Behind me, the mothers chattered. I must mention here that I was not eavesdropping; not on purpose at least. The conversation was in stereotypical loud, jersey fashion. It was hilarious! It took all of my focus not to laugh out loud. I have inserted my favorite excerpt below.

“I like those pants,” said the first mother. They were bright pink sweatpants with lettering down the side. They matched the crocs that covered her feet.

“Oh yeah,” the second continued, “I got them at Kohl’s.”

“Virgin be…” The first sounded out before stopping with a surprised look. “Virgin bitch?” she whispered to avoid the young ears.

“No,” the second replied, “Virgin Beach.”

Now they were both staring at her pants. The second mother’s face went pale to crimson. “Oh my God,” she exclaimed, “I never…I never looked closely at them in the store.”

In case you’re wondering, the pants read, “Virgin Be-atch!”

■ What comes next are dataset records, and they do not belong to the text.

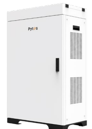
Forest RB Plus hold up to 6*E-BOX 48100R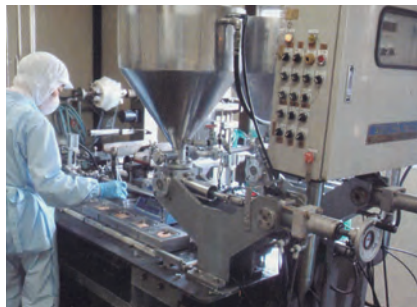
Firefly Squid Production Line

We roll each and every one of our kelp rolls by hand, and the careful work by hand continues through bagging and packaging each one, ensuring that our customers can truly feel the hand-made care in each one.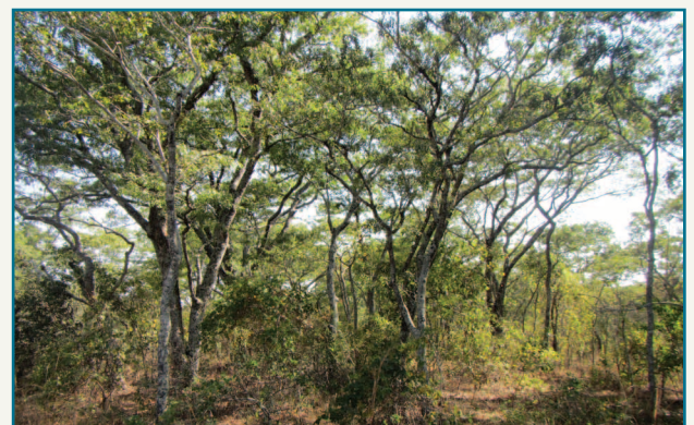
Miombo woodland at Haka Camp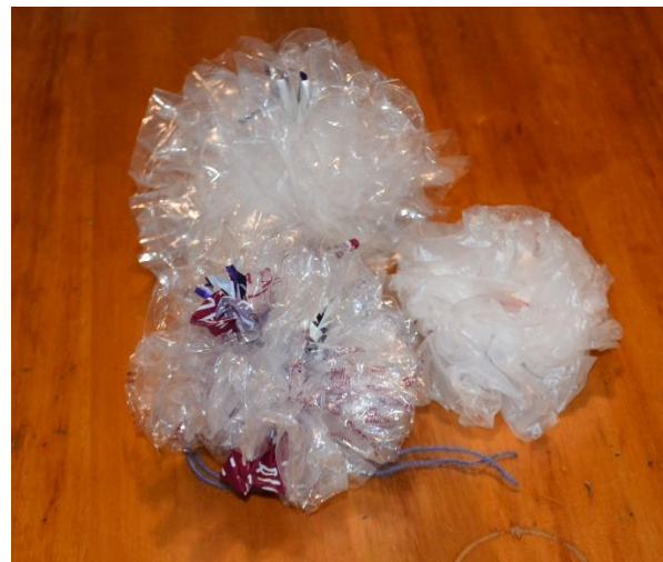
Figure 20: Flowers made from clear plastic bags

When I heard that I had to turn completely around to hide the smirk that reached my eyes. At which point, the checkout employee began scanning my groceries again. I really wanted to end on that note. I wanted to walk out of the store and go home, but my escapade was not over.

The checkout employee was a super nice twenty-year-old, who slowed her scanning to tell me the woes of her life and job. She repeated over and over about the “unreliable guy” and all the hours that she worked.

I wanted to say, “I…just…want…to…buy…my…groceries. That’s it! Please…I need to leave the insanity of this.”

But what I said was, “Well, at least you’re making the mega-bucks right?”

To which she replied, “Yeah, I guess so…”

Moral of this Story: grocery store day has been moved to Wednesdays.